◆ WORK TASK
Using the records below, write out only the lines from the line containing "IRIPPO. As. 30" up to and including the line containing "The chart below", exactly, with no pictures.

◆ PROVIDED DATA

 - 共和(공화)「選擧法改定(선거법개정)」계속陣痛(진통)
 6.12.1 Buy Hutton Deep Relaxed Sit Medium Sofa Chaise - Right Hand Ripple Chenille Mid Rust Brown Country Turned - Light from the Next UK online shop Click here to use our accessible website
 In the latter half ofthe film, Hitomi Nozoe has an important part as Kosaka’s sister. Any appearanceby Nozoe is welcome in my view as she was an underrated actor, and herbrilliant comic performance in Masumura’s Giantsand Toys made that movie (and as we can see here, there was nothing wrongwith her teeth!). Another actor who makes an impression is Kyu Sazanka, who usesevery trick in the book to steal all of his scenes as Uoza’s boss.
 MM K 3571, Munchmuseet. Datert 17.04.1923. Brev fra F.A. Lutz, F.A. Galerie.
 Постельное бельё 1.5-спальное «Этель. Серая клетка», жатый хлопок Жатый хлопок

...

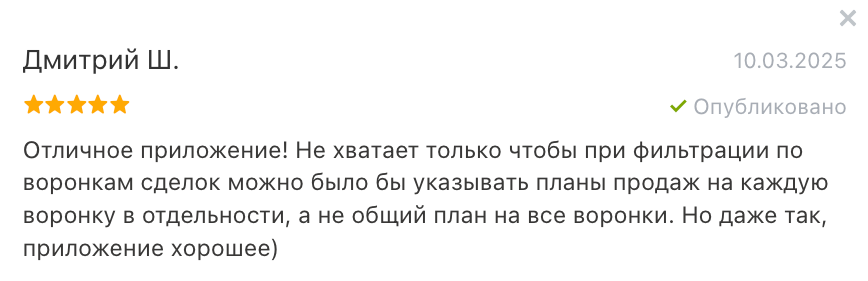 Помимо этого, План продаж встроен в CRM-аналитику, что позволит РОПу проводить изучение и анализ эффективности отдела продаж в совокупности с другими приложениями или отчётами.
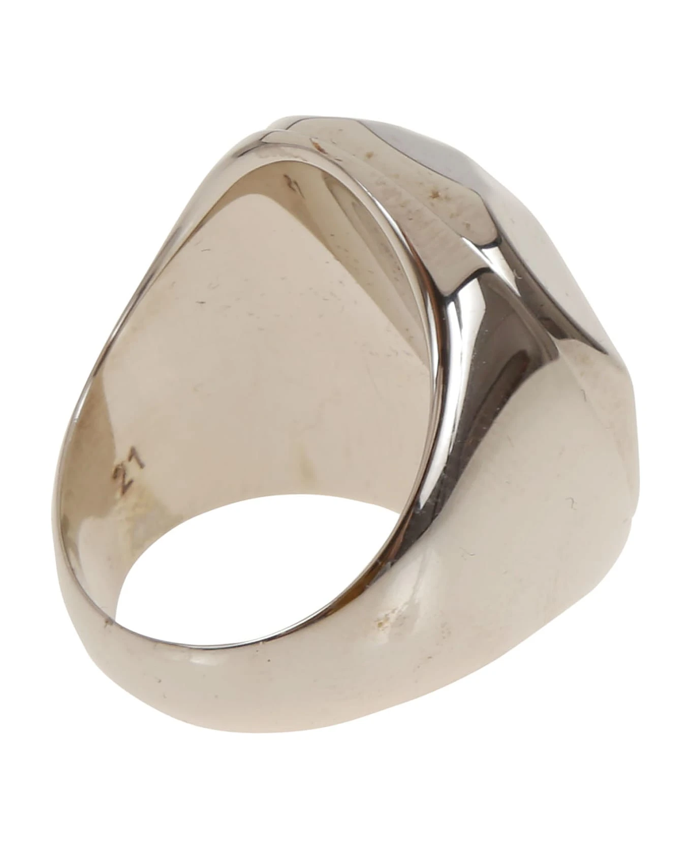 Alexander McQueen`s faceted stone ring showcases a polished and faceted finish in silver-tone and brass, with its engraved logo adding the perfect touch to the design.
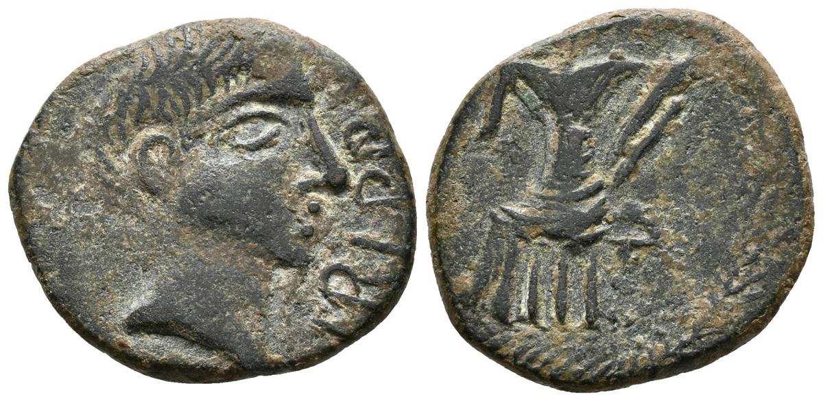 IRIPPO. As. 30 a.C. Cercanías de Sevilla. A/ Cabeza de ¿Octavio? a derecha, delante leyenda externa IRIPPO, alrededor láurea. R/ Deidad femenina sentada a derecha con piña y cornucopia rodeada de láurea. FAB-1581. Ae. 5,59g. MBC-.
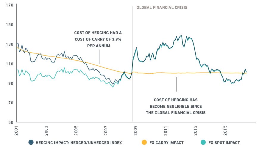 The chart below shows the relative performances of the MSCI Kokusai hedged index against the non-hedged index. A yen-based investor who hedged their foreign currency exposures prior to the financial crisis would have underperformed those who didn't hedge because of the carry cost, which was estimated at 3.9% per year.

* * *

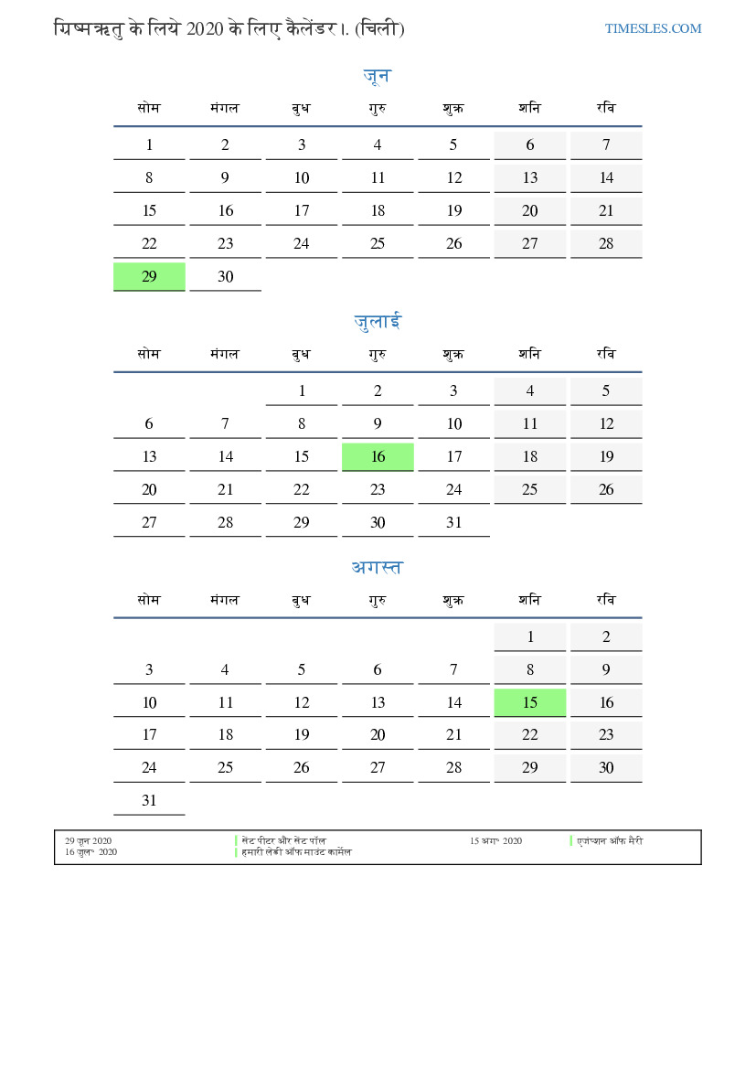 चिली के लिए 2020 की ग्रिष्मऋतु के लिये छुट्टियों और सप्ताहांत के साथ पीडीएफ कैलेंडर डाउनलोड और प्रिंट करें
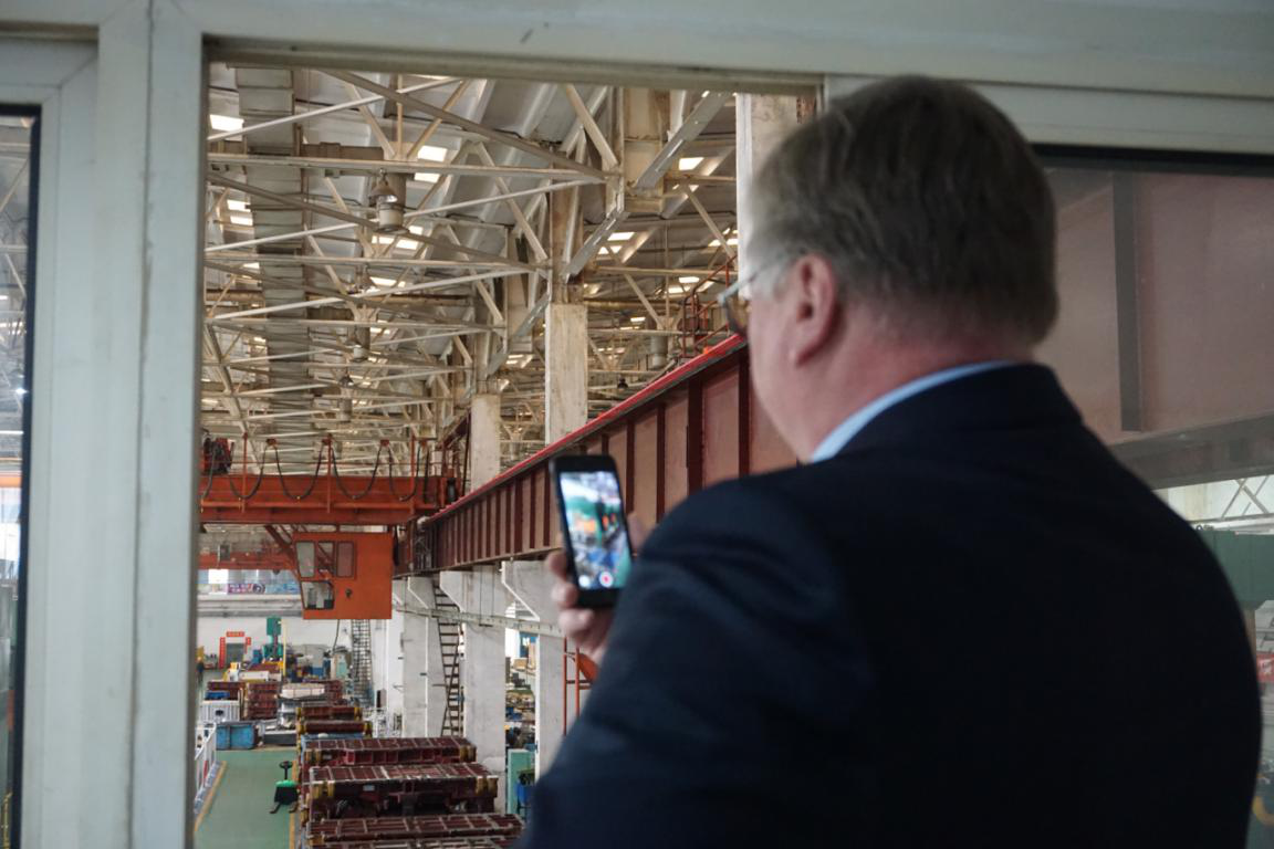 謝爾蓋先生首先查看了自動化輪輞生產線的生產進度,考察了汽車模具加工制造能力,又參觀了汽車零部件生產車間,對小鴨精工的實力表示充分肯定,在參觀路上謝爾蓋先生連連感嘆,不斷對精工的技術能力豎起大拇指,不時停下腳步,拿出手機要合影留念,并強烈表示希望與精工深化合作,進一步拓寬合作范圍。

◆ RESPONSE BELOW
 IRIPPO. As. 30 a.C. Cercanías de Sevilla. A/ Cabeza de ¿Octavio? a derecha, delante leyenda externa IRIPPO, alrededor láurea. R/ Deidad femenina sentada a derecha con piña y cornucopia rodeada de láurea. FAB-1581. Ae. 5,59g. MBC-.
 The chart below shows the relative performances of the MSCI Kokusai hedged index against the non-hedged index. A yen-based investor who hedged their foreign currency exposures prior to the financial crisis would have underperformed those who didn't hedge because of the carry cost, which was estimated at 3.9% per year.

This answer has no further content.